Irregular commentary on whatever's on my mind -- politics, sports, current events, and life in general. After twenty years of writing business and community newsletters, fifteen years of fantasy baseball newsletters, and two years of email "columns", this is, I suppose, the inevitable result: the awful conceit that someone might actually care to read what I have to say. Posts may be added often, rarely, or never again. As always, my mood and motivation are unpredictable.

Buster Gammons















Wednesday, March 20, 2013

Gun Violence: To Speed Our Snail's Pace Progress, We Need To See

Very often, the wheels of progress turn slowly, with gains coming in small pieces rather than large chunks.  Regretably, this seems to be the case for common-sense gun legislation.  In the wake of the Sandy Hook slaughter, there are, incredibly, not enough votes in the U.S. Senate to pass Sen. Diane Feinstein's bill to reinstate an assault weapons ban.

Majority leader Harry Reid said there are 40 votes for it.  None, of course, are among the 45 Republicans.  But Reid's count means there are also 15 Democrats who oppose an assault weapons ban.  Reid himself is one of them.

Shame on all these chicken-shit, sell-out Senators who pretend to look in the other direction!  Little children are blown to bits by machine guns, but that's the price we have to pay for our goddam precious 2nd Amendment "rights"?  These thumb-twiddling Senators have mush between their ears and blood on the hands.

But progress is progress, however slow and frustrating.  The prospects still look good for universal background checks and improved anti-gun-trafficking efforts.  Small steps, but we'll take 'em . . . for now, but not for long.  We've got to do more, we've got to do better, and we've got to do it sooner, not later.


(What follows is paraphrased and inspired by a recent article written by filmmaker Michael Moore.  It appeared in the Huffington Post.)


At the end of World War II, General Eisenhower ordered thousands of German civilians to walk through the numerous concentration camps that so many of them claimed did not exist.  Eisenhower knew they needed to see.

In America in the 1960's and 1970's, beyond all the printed and spoken words, there were nationally published photos of young Emmett Till's mutilated body, of lynchings, of civil rights protestors beaten and attacked by dogs, of all the terrible realities of the Viet Nam War.

The images were god-awful, but as Emmett Till's mother said, we needed to see.  It sunk in.  The horror became less abstract, more tangible, and as a nation, we acted.

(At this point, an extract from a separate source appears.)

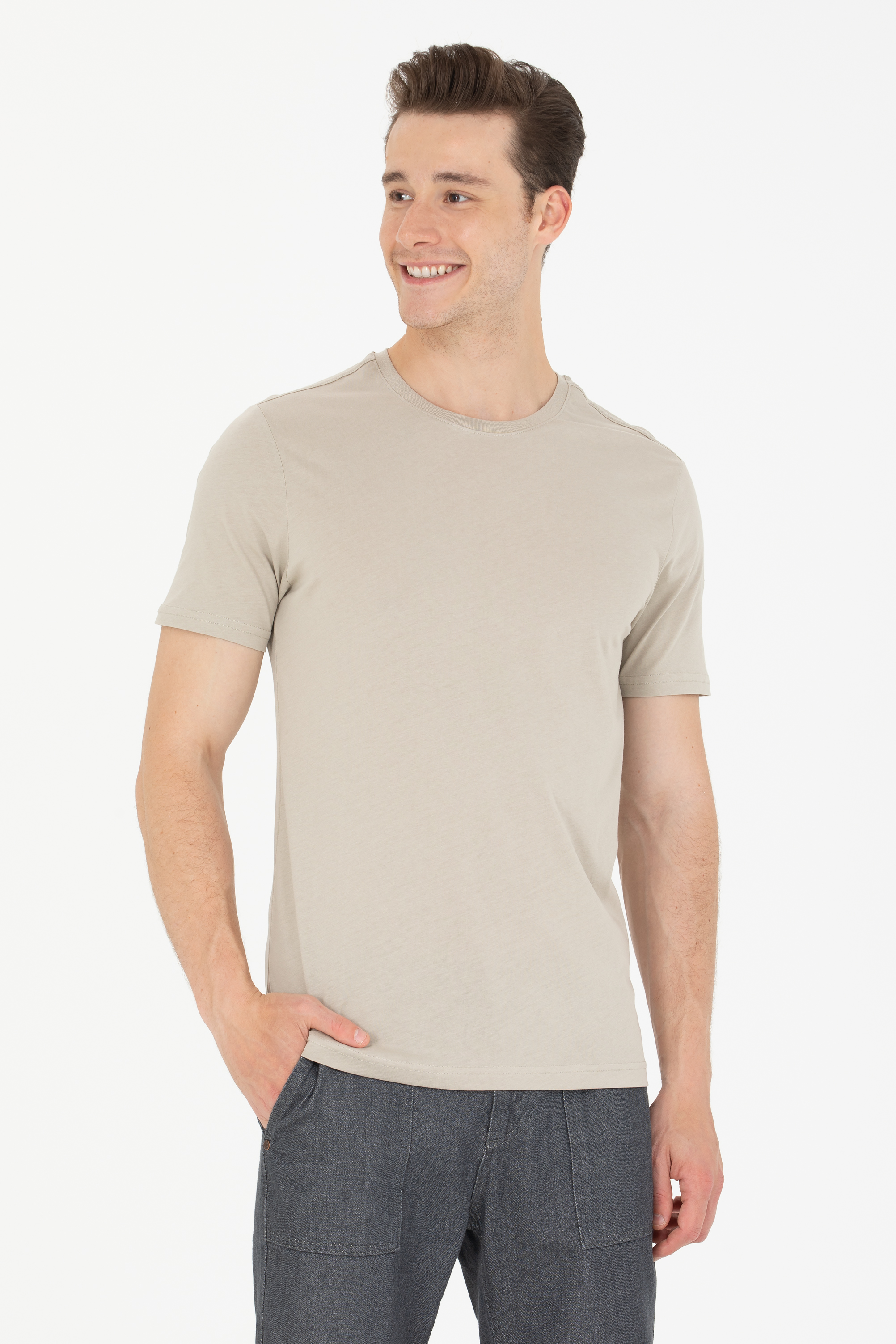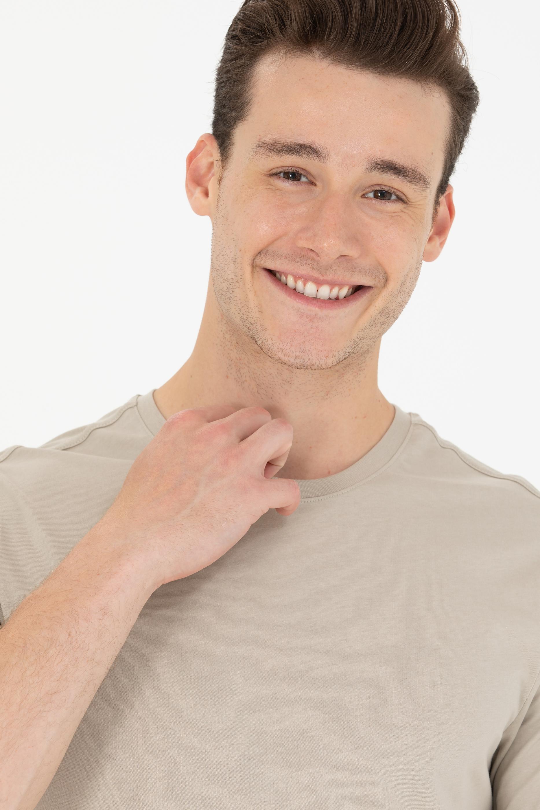 Erkek Haki Basic Bisiklet Yaka Tişört - 50264916048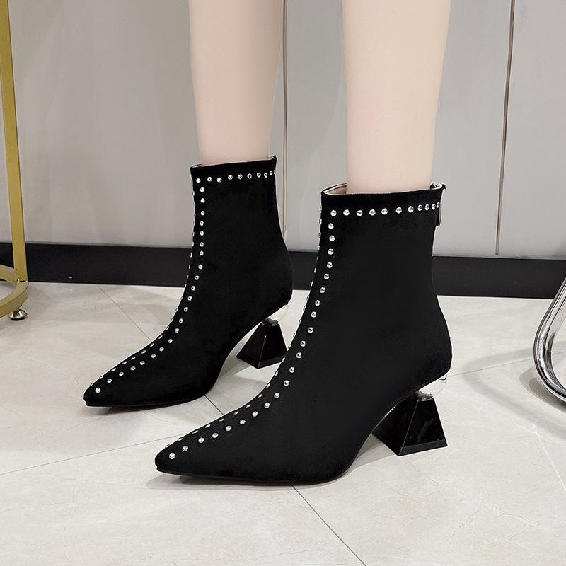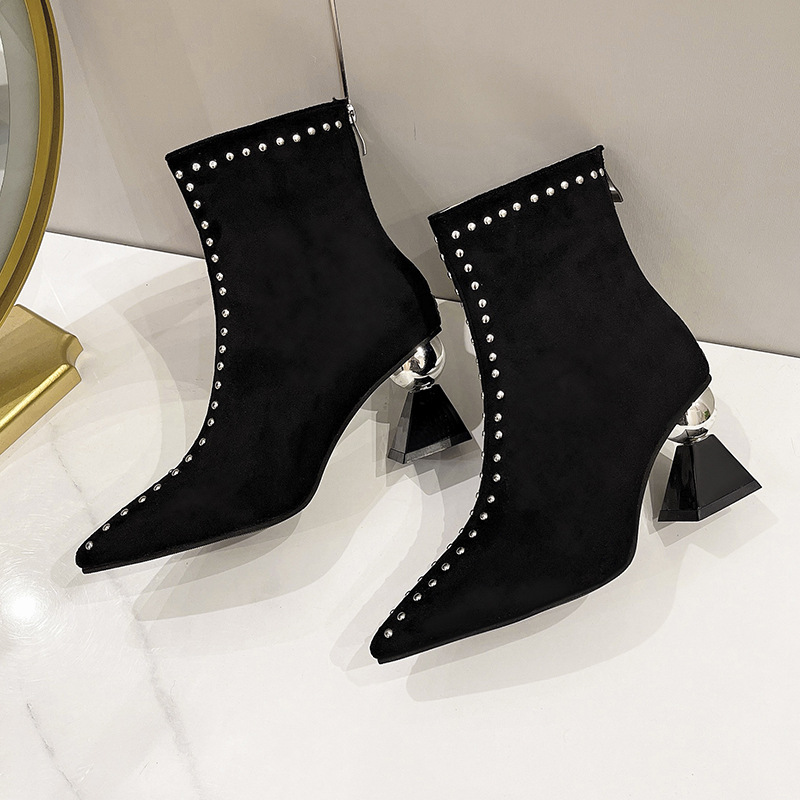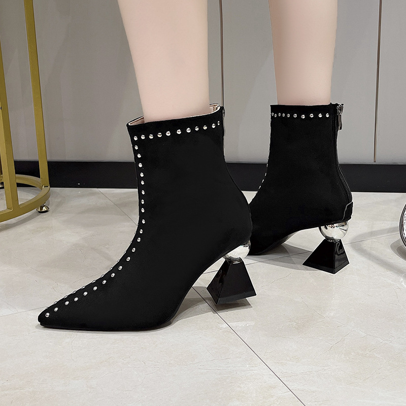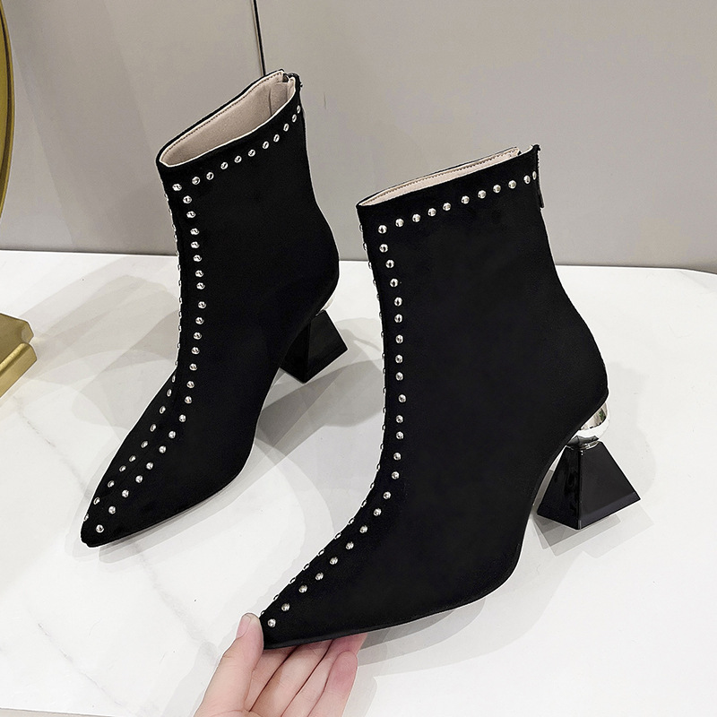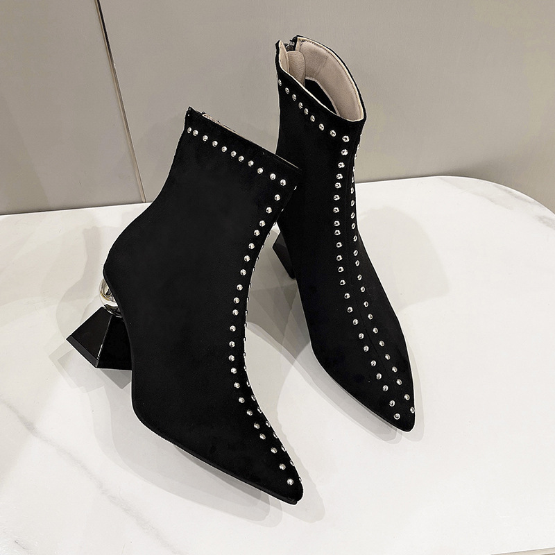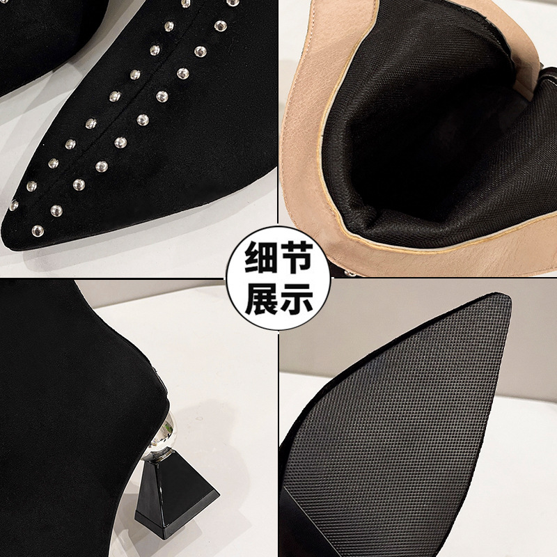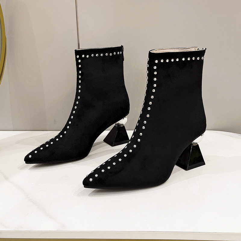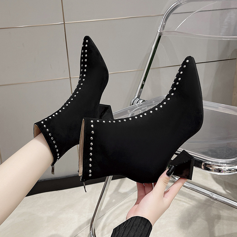 프랑스 플러스 사이즈 작은 짧은 부츠는 여전히 봄, 가을, 겨울 2025 새로운 스웨이드 뾰족한 하이힐에 여성을위한 세련되고 얇은 부츠입니다.스토어 가기

So far, none of us in the general public has seen a single crime scene/forensic photo from Columbine, or Virginia Tech, or Aurora, or Newtown.  But such photos exist, in police and coroners files.  Similar photos will exist after the next gun massacre, and the next, and the next, and the next.

But one of these days, a parent or a cop or a doctor will decide that we need to see.  They'll release photos to show us the immediate aftermath of an AR-15 attack in a school or a theater, photos to show us what a little kid's body looks like after being hit with high-velocity rounds from an assault rifle.

The images will be sickening, horrific.  I hope we don't look away (like too many Senators are doing right now), because we need to see.